By the time you see the words “Unveiling Bureaucracy” splashed across this magazine’s cover, you’ve probably already fallen half-asleep.
This was intentional. After last week’s trenchant, hard-hitting food issue, The Mirror needed to lie low. No use stirring up too much trouble in the beginning of the term. Publish one too many searing exposés of campus dining culture, and you never know what you might dredge up.
There’s enough turmoil on this campus already. The last thing the College needs is for journalistic ventures to uncover some of campus’ darkest secrets, like the horror of the Convenience45 meal plan (how have we not witnessed mass protests over the news that this plan offers “no value,” per DDS) or the scrumptious momo dishes at Base Camp Cafe.
What with the inevitable kerfuffle occasioned by this column — I know campus talking heads are still poring over last week’s, attempting to determine where a bright, young talent fell victim to his frenetic desire for fame and fortune — The Mirror simply can’t afford any more controversy.
Enter my vision for “Unveiling Bureaucracy.” Pitches about paper-pushers and abstruse regulations abound. If you’re snoozing, that means The Mirror survives. Consider the magazine a down-payment on the food issues of years to come.

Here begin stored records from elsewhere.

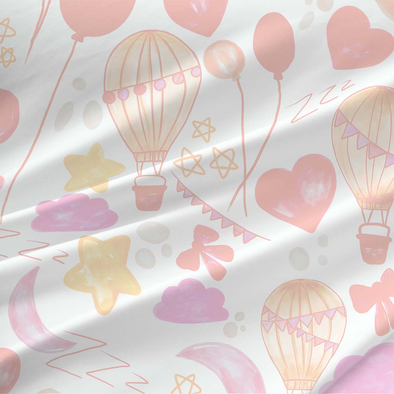 Whimsical air balloons, hearts, and star motifs design custom prints by the yard on any base fabric you choose! Our extensive range of high-quality fabrics are perfect for apparel, home decor, quilting and crafts, upholstery, and furniture renovation! Colorway images represent 27" of printed fabric. All print on demand and ship FOB NC. Design from the “Sweet Dreams” Collection created by SweetbunnyArts.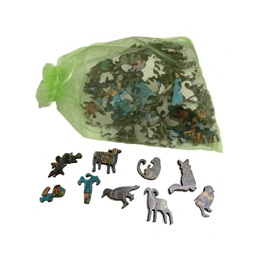 As peças são feitas de madeira de alta qualidade, cortadas a laser para garantir encaixes perfeitos e formatos únicos. Cada quebra-cabeça é uma obra de arte decorativa, perfeita para exibir em sua casa ou presentear alguém especial.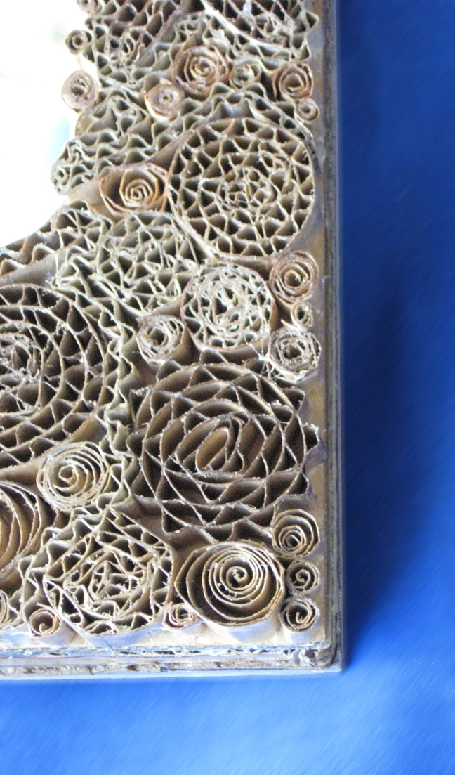 (Above, an image of a personal shopping folding trolley, and to the left is a cardboard mirror frame that was handmade from discarded cardboard.)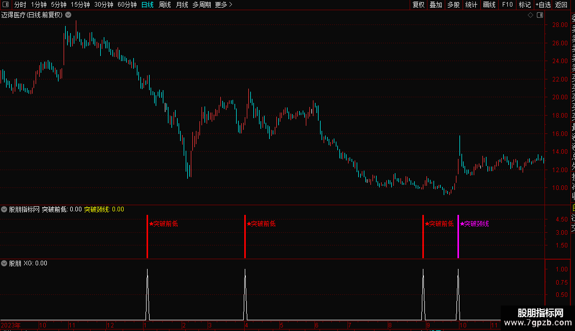 DRAWTEXT(突破前低,4,' ★突破前低'),COLORRED;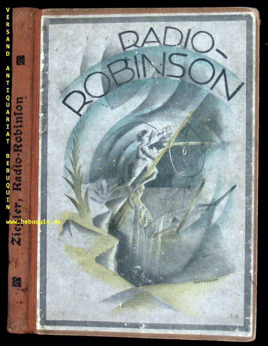 ZIEGLER, Wilhelm: Radio-Robinson. Eine moderne Robinsonade für die Jugend. Mit Anhang: Kurze Erläuterung der Grundlagen der drahtlosen Telegraphie und Telephonie. Reutlingen (Bardtenschlager), (1924). 95, 20 S. mit 1 Titelbild + zahlr. Textabb. farb. ill. OHLn. Gelenke stabilisiert. EA.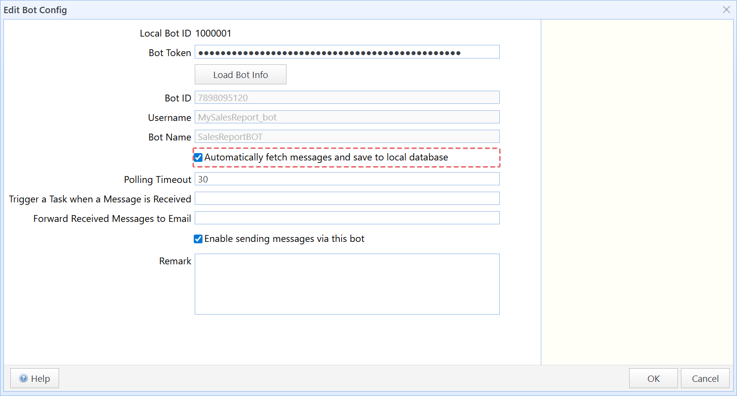 Step 1: Ensure that the bot option “Automatically fetch messages and save to local database” is enabled.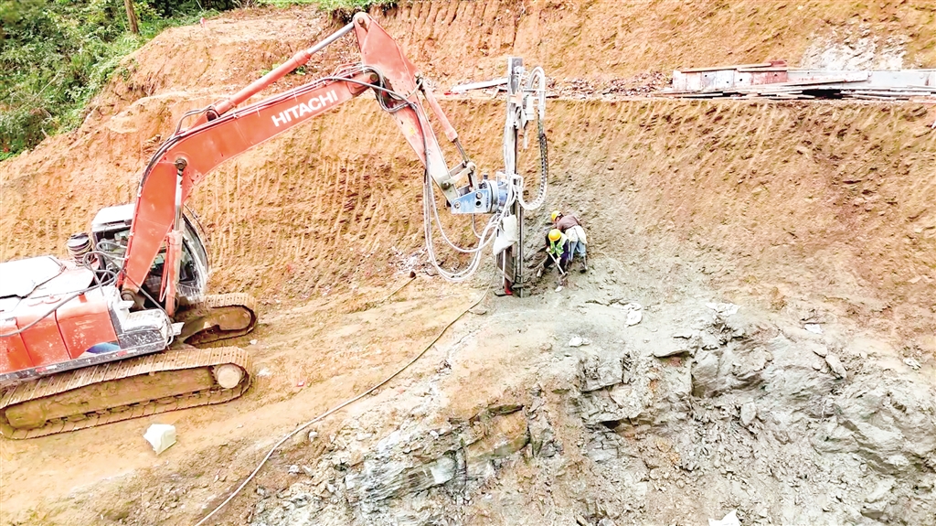 在鳳凰山隧道引線工程(進口段)項目建設現(xiàn)場,機器轟鳴,挖掘機揮舞著鏟斗挖掘土石,運輸車輛往來穿梭,配合默契。工人們鉚足干勁,爭分奪秒搶抓工期,現(xiàn)場一派熱火朝天的施工景象。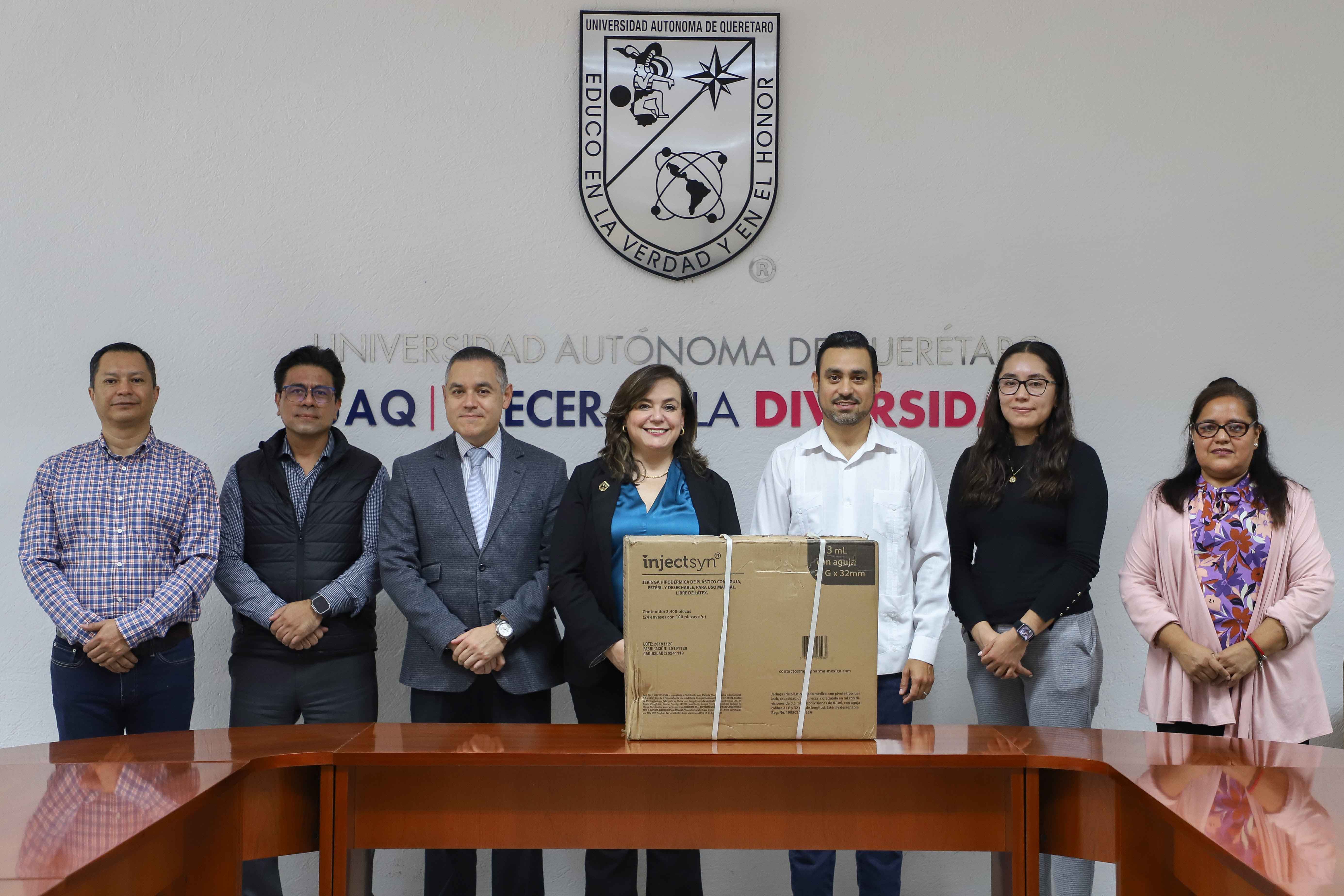 La Universidad Autónoma de Querétaro (UAQ) recibió una importante donación de 14,400 jeringas de parte del diputado local Homero Barrera Mcdonald, destinadas a fortalecer las prácticas y formación de estudiantes de las áreas de Enfermería, Medicina y Química. La rectora, Dra. Silvia Amaya Llano, junto con autoridades de las facultades beneficiadas, agradeció este apoyo que permitirá mejorar la capacitación y atención en salud, destacando la colaboración entre el Congreso estatal y la universidad.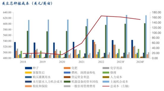 預(yù)計美國2024年大豆種植成本下降,但降幅有限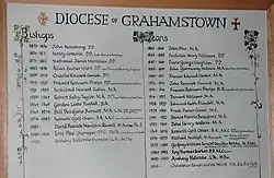 The Diocese of Grahamstown was founded in 1853 with John Armstrong as the first bishop. During the oversight of Bishop Nathaniel Merriman when Frederick Henry Williams was dean, conflict arose between the two regarding the status of the Church of the Province of Southern Africa versus the Church of England and the validity of the appointments of bishops. Dean Williams then excluded Bishop Merriman from his cathedral. This action resulted in many court cases which Williams won.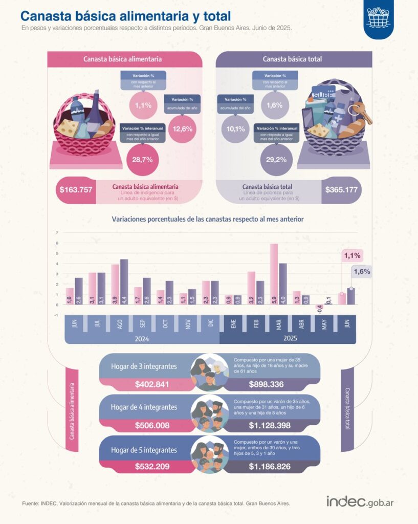 Una familia tipo, integrada por cuatro personas, necesitó $1.128.398 para no ser pobre en junio, según la Canasta Básica Total (CBT) informada por el Instituto Nacional de Estadísticas y Censos (Indec).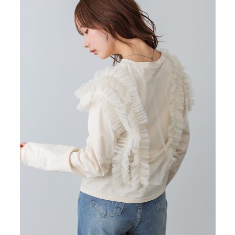 繊細なチュールフリルが目を惹く、前後2WAY仕様のベストとベーシックカットソーのセットアイテム。ふんわりと重なるフリルが顔まわりをやさしく彩り、シンプルなカットソーに重ねるだけで程よく華やかな印象に。ベストは前後どちらでも着用でき、リボンの結び方次第で表情を変えられるのも魅力です。甘さの中に抜け感をプラスした、大人のレイヤードスタイルが完成します。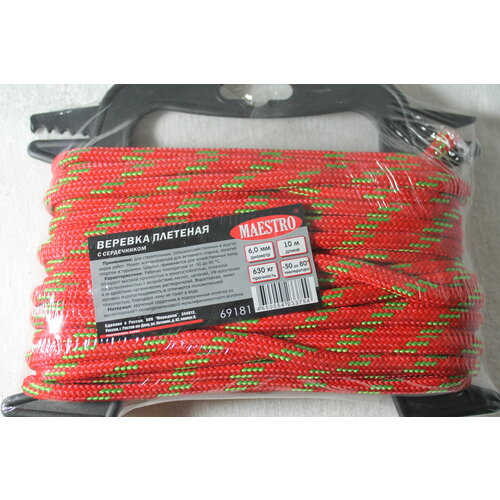 Веревка плетеная с сердечником 6 мм х 10 м, красная с нитью неон, м/рамка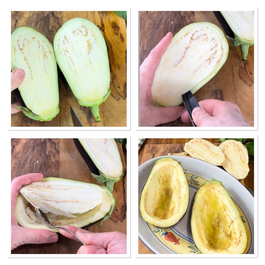 • Rinse the eggplant and cut it in half, leaving the stem attached. Using a knife, score the flesh and then scoop it out with a spoon, creating two boats. Cut the scooped flesh into small pieces and set aside. Place the boats on a baking dish, drizzle with olive oil, sprinkle with salt and bake in a convection oven at 392°F for about 15 minutes, or until slightly golden.

Here’s the trouble: My writers have once again foiled my plot. Administration, they reasoned, touches campus life in complex — and actually deeply interesting — ways. It’s not difficult to tell human stories that consider how bureaucratic strictures impinge on students’ daily ebb. From the College’s charter to the untold stories of Dartmouth librarians, these articles are weighty.
Thus I shiver at the certainty that this issue merits your attention.